When a packet is received from an UAV, it is processed by the CE installed onboard. If the CE is processing another job, the arriving ones are enqueued in the Processing Queue, QP . Here the packet waits until all the other packets (that previously arrived to the queue) are processed by the CE, according to a First-In-First-Out (FIFO) policy.
However, during high-activity periods of some zones, Processing Queues of UAVs covering them can saturate, causing unacceptable delays and even losses. This would cause high variability in processing delays, with some jobs experiencing very high delays while other ones low delays.
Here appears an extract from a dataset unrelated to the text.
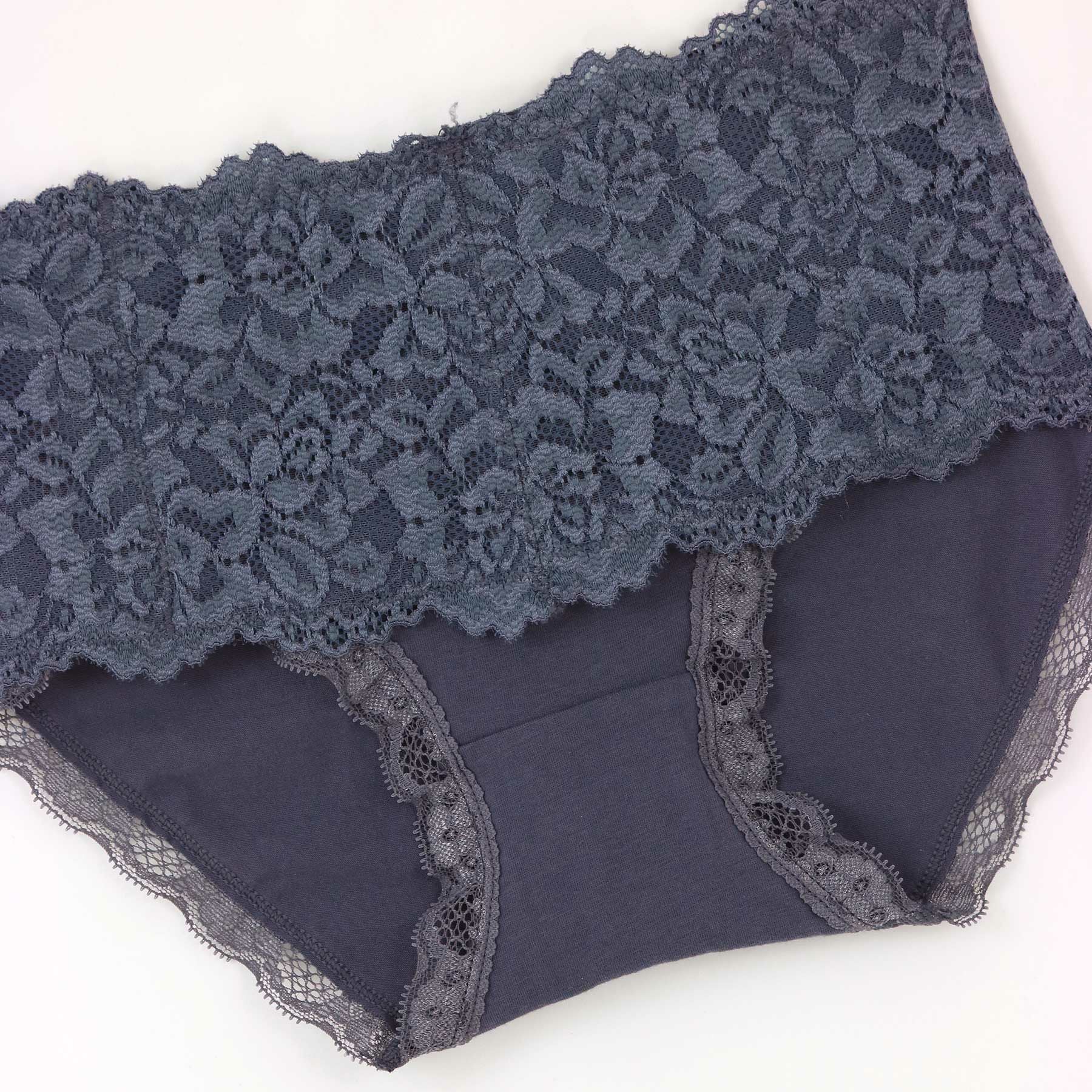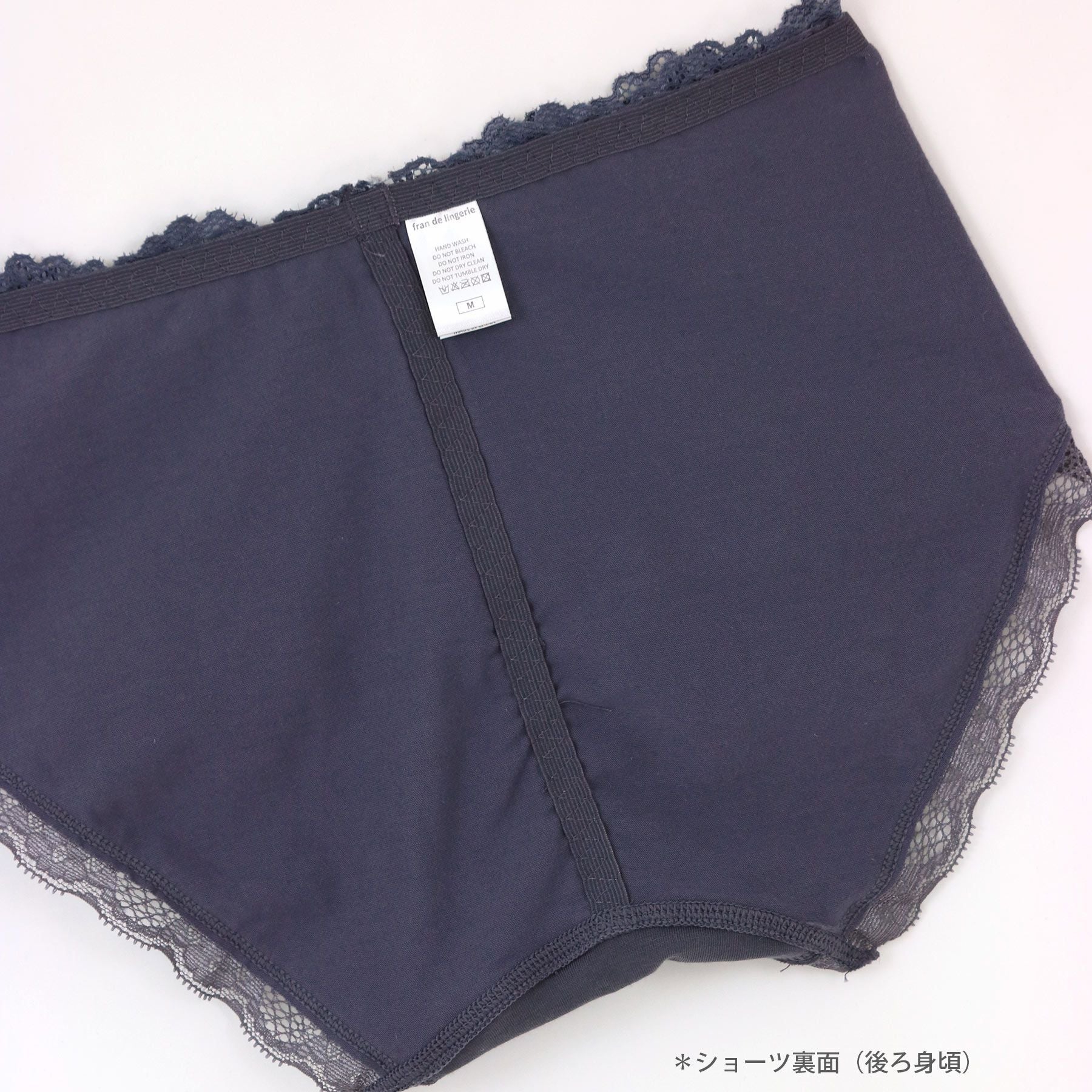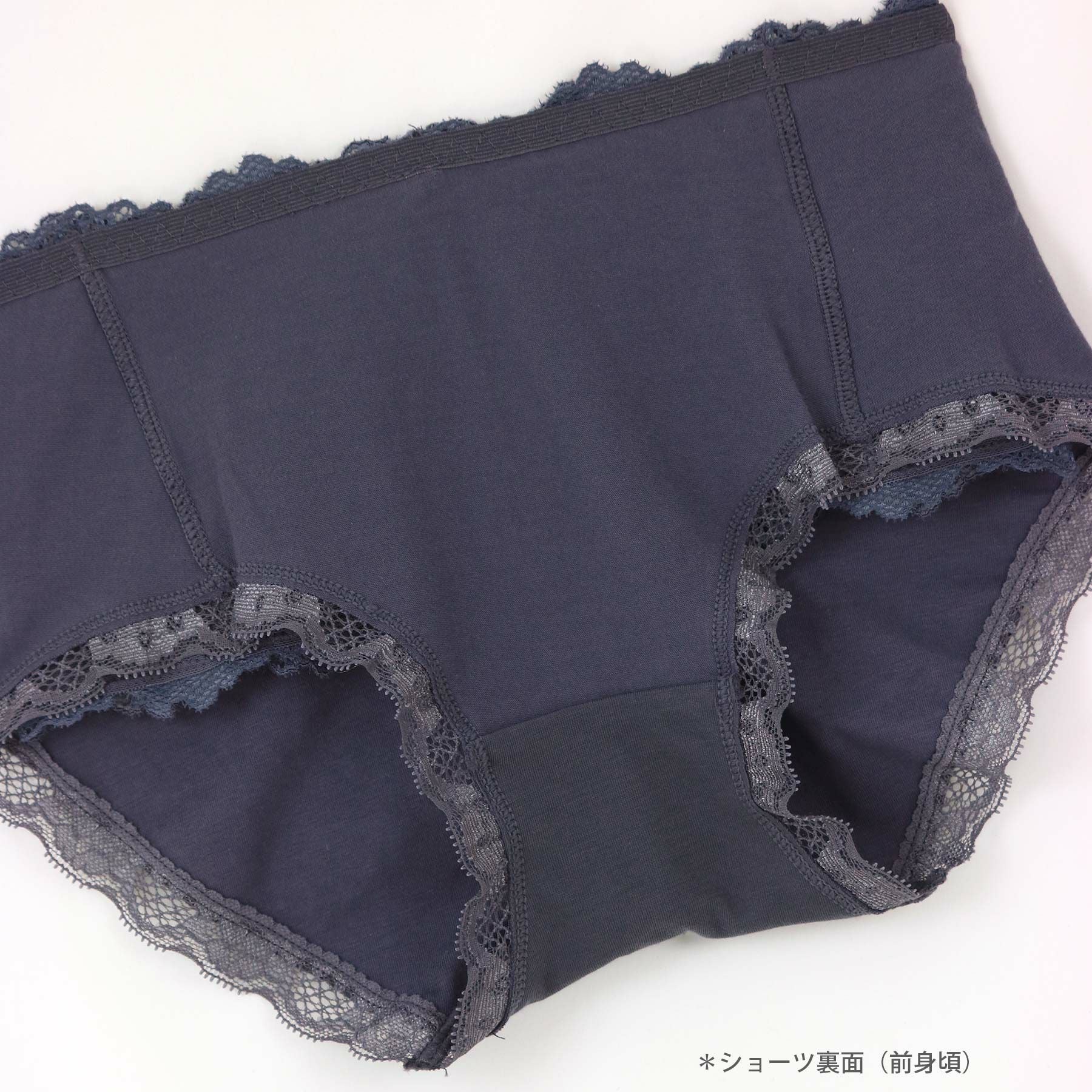 ヒップ中心にシャーリング&綿込み細幅レースが嬉しい。

In addition, for the same reasons, waste of computing capacities can occur in UAVs when the zones they are covering are in low-activity states.
For this reason, in order to smooth performance and decrease computing resource waste, we allow horizontal offload among UAVs. This consists in giving the possibility to overloaded UAVs to offload jobs to other, less-loaded, UAVs, with a resulting load balancing. We call the UAV that has received the job from the ground the Dwell UAV, whereas the UAV where the job is processed the Processing UAV.
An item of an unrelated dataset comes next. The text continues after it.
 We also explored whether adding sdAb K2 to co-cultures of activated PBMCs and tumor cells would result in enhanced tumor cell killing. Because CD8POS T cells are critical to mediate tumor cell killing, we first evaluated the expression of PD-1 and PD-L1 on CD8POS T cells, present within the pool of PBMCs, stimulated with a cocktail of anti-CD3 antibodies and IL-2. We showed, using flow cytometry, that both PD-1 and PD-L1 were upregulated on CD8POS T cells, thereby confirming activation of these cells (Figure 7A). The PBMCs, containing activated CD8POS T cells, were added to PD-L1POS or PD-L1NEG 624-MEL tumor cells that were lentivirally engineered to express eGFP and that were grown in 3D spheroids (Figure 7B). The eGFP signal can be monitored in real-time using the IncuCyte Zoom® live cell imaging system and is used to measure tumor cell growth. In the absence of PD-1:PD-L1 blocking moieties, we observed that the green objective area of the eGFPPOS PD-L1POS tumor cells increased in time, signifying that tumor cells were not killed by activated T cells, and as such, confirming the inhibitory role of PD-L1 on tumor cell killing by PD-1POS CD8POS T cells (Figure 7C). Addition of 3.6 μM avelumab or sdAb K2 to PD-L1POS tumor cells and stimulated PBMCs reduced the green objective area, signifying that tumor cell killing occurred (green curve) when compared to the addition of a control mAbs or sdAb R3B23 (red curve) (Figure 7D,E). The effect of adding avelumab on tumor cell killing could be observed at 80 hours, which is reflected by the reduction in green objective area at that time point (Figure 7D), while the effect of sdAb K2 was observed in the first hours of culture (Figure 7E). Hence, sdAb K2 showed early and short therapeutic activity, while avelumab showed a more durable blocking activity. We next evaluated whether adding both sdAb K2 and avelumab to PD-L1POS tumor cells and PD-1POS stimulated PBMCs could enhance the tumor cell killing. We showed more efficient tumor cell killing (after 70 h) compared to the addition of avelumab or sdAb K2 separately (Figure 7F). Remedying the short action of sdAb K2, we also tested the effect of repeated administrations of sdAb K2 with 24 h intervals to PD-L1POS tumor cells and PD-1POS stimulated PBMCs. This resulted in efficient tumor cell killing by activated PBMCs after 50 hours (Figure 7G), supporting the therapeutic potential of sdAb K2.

When the link from the Dwell UAV to the Processing UAV is busy transmitting a packet, new packets to be offloaded are enqueued in the Offloading Queue, Qol . Therefore, each offloaded packets suffers an overall delay that it the sum of an offloading delay, that is the delay suffered in the Offloading Queue, and the Processing Queue delay, i.e. the delay suffered in the Processing Queue QP of the "target" Processing UAV.
Challenge: offloaded packets suffer an additional delay due to the transmission from the one UAV to another one. Optimize the offloading scheduling process.
-
N: number of UAVs
-
Q_p: processing queue
-
Q_o: offloading queue
-
μ_p: computing element frequency (Qp departure rate)
-
μ_o: transmission rate (Qol departure rate)
-
K_p: max processing queue Qp capacity
-
K_o: max processing queue Qo capacity
-
State: [Qp1, Qo1, Zi1], [Qp2, Qo2, Zi2], ..., [QpN, QoN, ZiN]
-
Action: choose, for each drone, the packet offloading probability.
-
Reward: - (number of packets in the FANET)
- Environment is initialized
- Agent is initialized
- First observation is returned to the agent using state = env.reset()
- The agent selects an action using model.predict(state)
- The action is executed inside the environment, next_state and reward are returned next_state, reward, done = env.step(action)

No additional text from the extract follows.